The original advantage and the intention to simplify the complex calculations in the form of graphical determination of the numerical values has been eliminated by the wide availability of powerful calculators and computers with appropriate software packages. What remains as the primary application is a graphical representation of impedance curves in technical documents and data sheets.
Example
An ohmic resistor R = 150 Ω and a capacitor C = 10 uF are connected in series, in parallel, is a coil L = 0.5 H. The circuit is connected to a generator whose frequency is f = 79.6 Hz.
The angular frequency is ω = 2? F = 500 then s -1.

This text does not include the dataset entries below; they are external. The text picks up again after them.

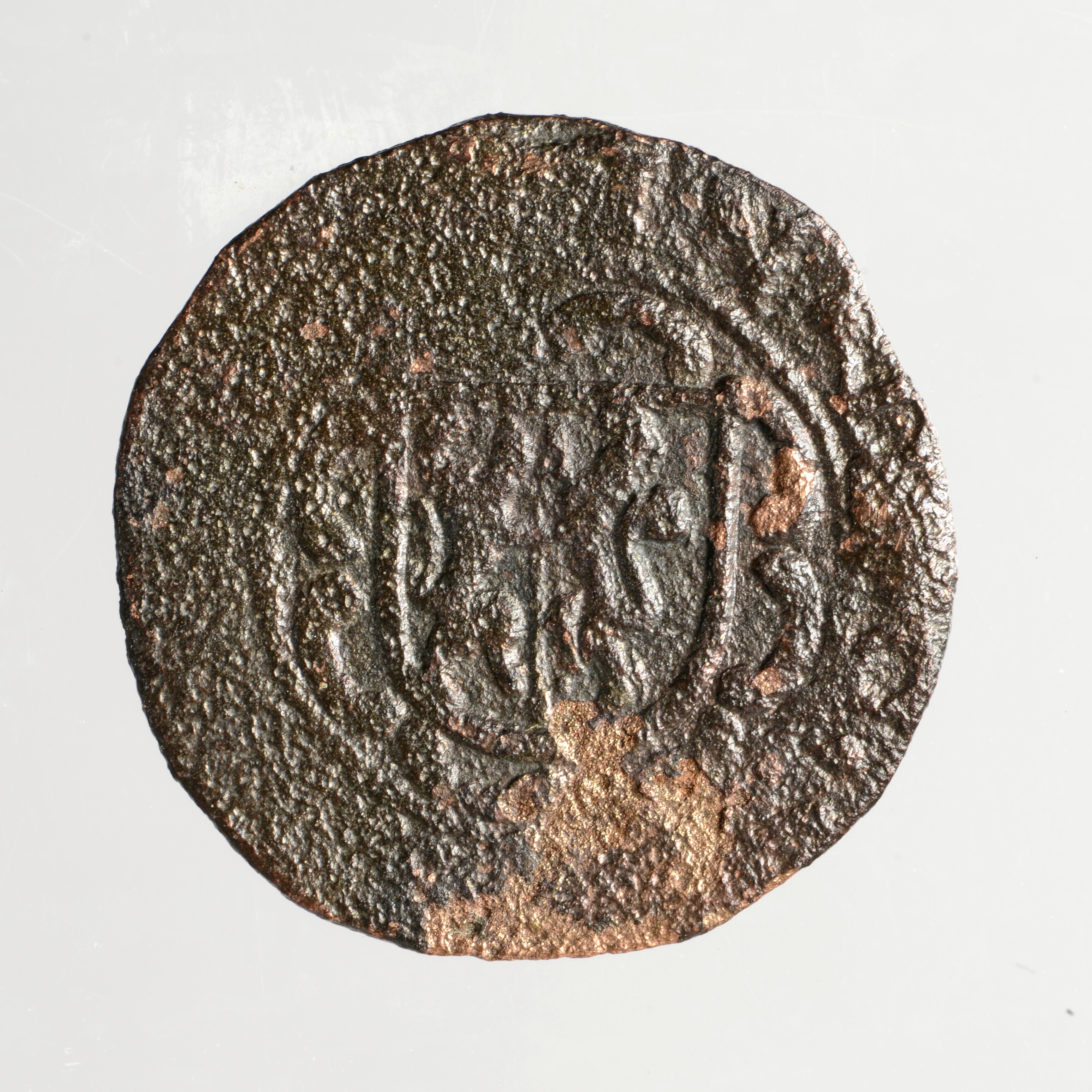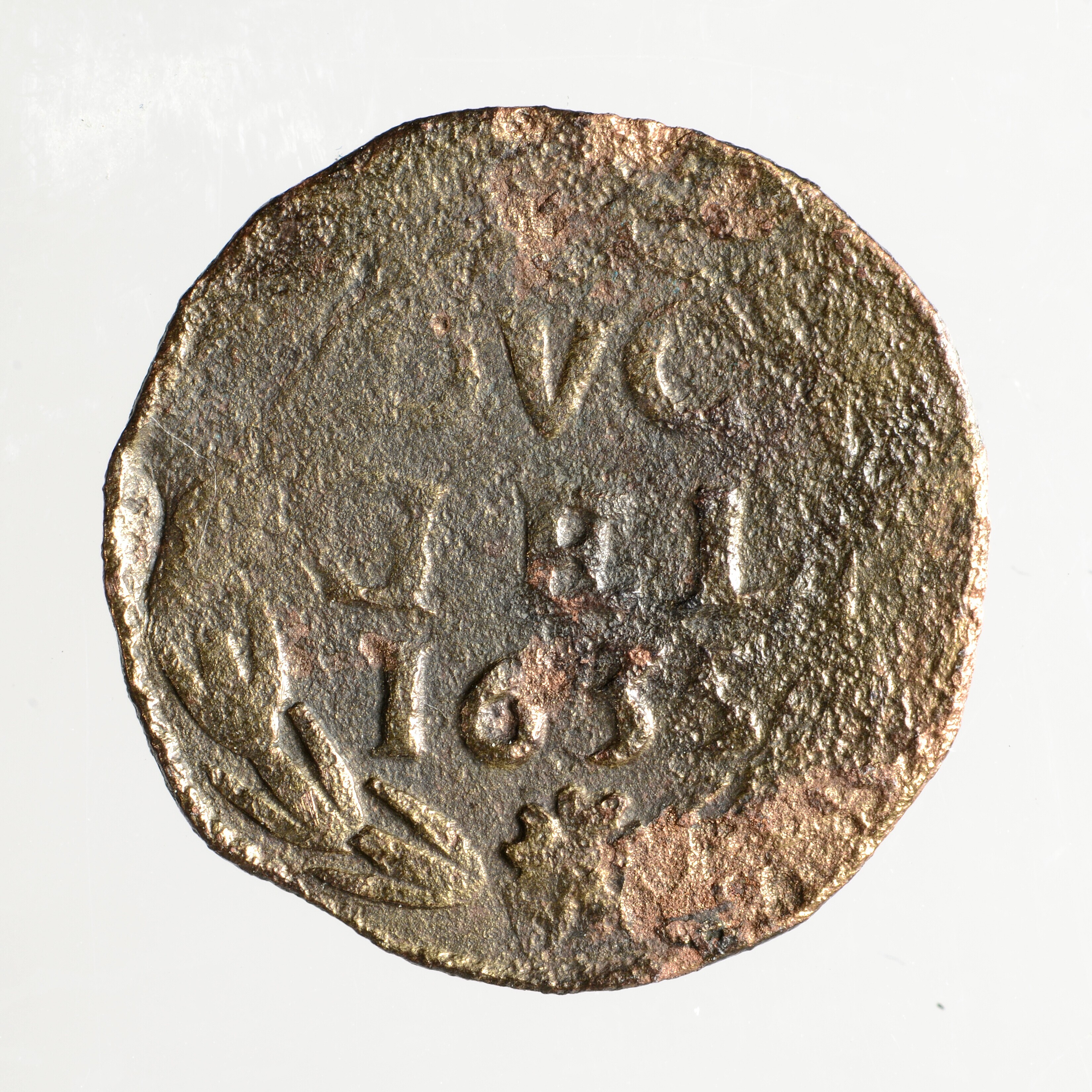 Duit; Gelderland Provincie (1581-1795); vz.: in drie regels: DVC / GEL / 1635; kz.: wapenschild van Gelderland in achtpas met omschrift IN • DEO • [SPES • NOSTRA]; muntplaats: Harderwijk; gewicht: 1.45 gram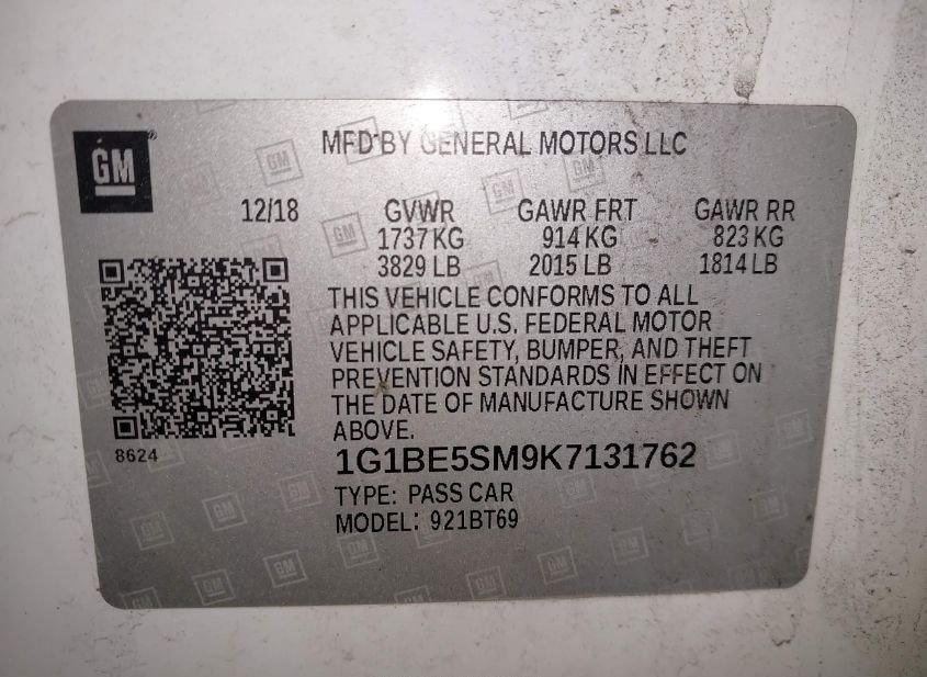 - VIN: 1G1BE5SM9K7131762
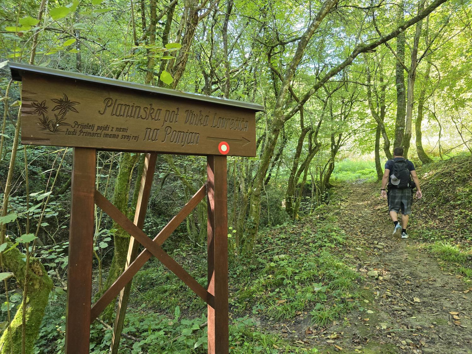Pot nadaljujemo proti levi skozi gozd po kolovozu, ki se za kratek čas vzpne, nato pa spet zravna in nas pripelje na pot, ki se iz Manžana dviga proti Pomjanu.
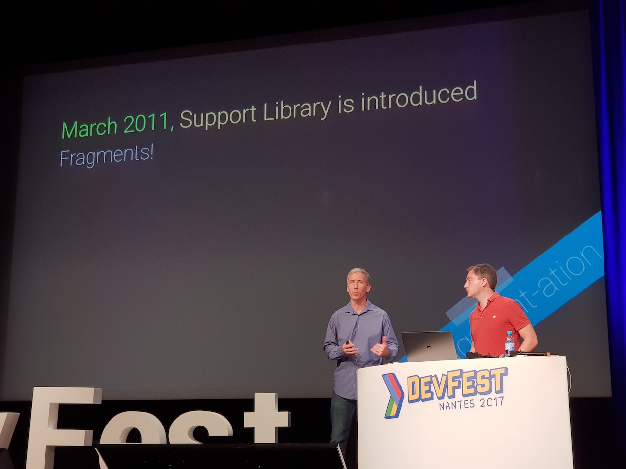 Et, quoi de plus parlant et bluffant (même nostalgique parfois) que de faire une chronologie complète d’une plateforme utilisée par plus d’un milliard de personnes ? C’était l’objectif que les speakers se sont donné pendant une heure lors de ce DevFest Nantes. Nous verrons qu’Android est passé d’un démarrage effréné à une position de domination sur le paysage du mobile, tout en poussant ses paradigmes vers de nouveaux domaines de produits tels que les wearables et l’automobile.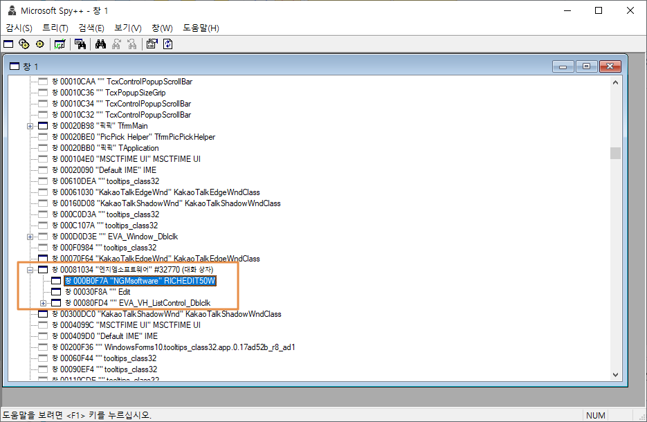 핸들 값은 프로그램을 실행시킬 때 윈도우가 중복되지 않게 고유한 아이디를 발급합니다. 그러므로 윈도우에서 이 값이 중복되는 일은 발생하지 않습니다. 다만, 핸들 값이 프로그램을 실행할 때 윈도우에서 발급하기 때문에 다음에 다시 실행할 때 이 값이 변경되게 됩니다. 그래서, 엔지엠 매크로는 아래와 같이 프로그램명으로 구조를 찾아나가게 설계되어 있습니다. 카카오톡은 구조가 단순해서 엔지엠 에디터를 잠깐 선택 했습니다^^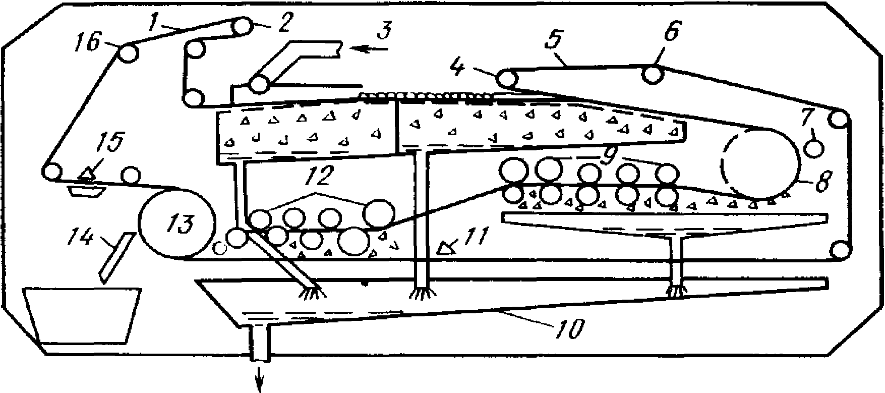 14 - бункер осадка; 15 - бункер выгрузки; 16 - транспортер;

For the complex resistance ( impedance ) of the capacitor follows
For the impedance of the coil is calculated one
For the series connection of a resistor and capacitor values are simply added together to give
To enter the values into the Smith chart in which can no longer be large numbers represent one normalized with a suitable reference resistance, eg Z0 = 100 Ω, by dividing all values by him. Then
And
These two impedances in parallel. For the total impedance X is therefore
This reciprocal values are obtained in the Smith chart by mirroring the circle center.
They amount to
The addition of the two reciprocals is done by calculation or in the Smith chart by " counting " on the coordinate grid.
Obtained
To determine the total impedance of X, the inverse of which is again to be formed. So you just received reflects the point at the center of the circle.
As a result, one finds
Since it has been divided by 100 Ω, one has to multiply so again. Final impedance of the entire circuit is thus
Therefore, it can alternatively be represented by a series circuit of a resistor of 375 Ω and a coil of 125j Ω (with ω = 500 s-1 corresponds to an inductance of 0.25 H).